Britain to celebrate Royal wedding with massive fight

THE ban on street brawling will be lifted temporarily for the royal wedding to allow celebratory fighting, it has been confirmed.

Pubs will also be open until 1am on the night of April 29, providing cheap, strong drinks to fuel a national outpouring of jubilant violence.

A Clarence House spokesman said: “Nothing is more emblematic of modern Britain than pints of nut brown ale and random acts of savagery, especially against strangers who happen to have a distinguishing feature, such as  a hat.

“The union of our future king and his live-in girlfriend is a wonderful opportunity for his loyal subjects to visit their favourite vertical drinking establishment, probably on some sort of leisure estate sandwiched between a cajun restaurant and a massive craft shop.

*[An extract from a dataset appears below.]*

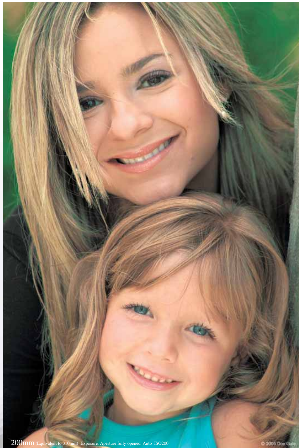
200mm (Equivalent to 310mm) Exposure: Aperture fully opened Auto ISO200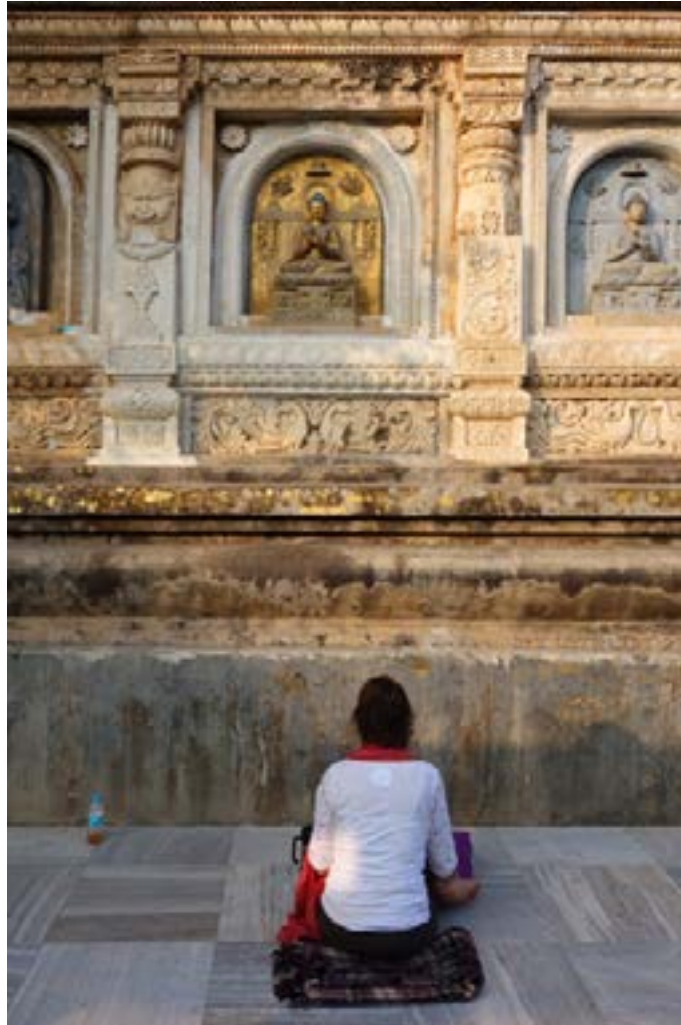
A foreign devotee deep in meditation before one of the small statues of Lord Buddha (dharmacakrapravartana) this idol creates a gesture indicative of the teaching Buddha who preached his first sermon in Sarnath.

“The wedding will be shown on a large, wipe-clean kevlar screen that they can throw things at.

“Then they will turn on each other in an orgy of festive blood lust never forgetting that viscera is this generation’s confetti.”

He added: “It’s going to be a wonderful day, whether you enjoy it in town or at home, hiding.”

Trainee plasterer, Wayne Hayes, said: “I’ll be treating it like a big
sporting event. I will pick a ‘side’, either William or Kate, for
entirely arbitrary reasons and then kick the fuck out of anyone who
disagrees with me.”

Architect Roy Hobbs insisted said: “These royal jamborees are an overhyped,
superficial distraction from the harsh realities of modern life.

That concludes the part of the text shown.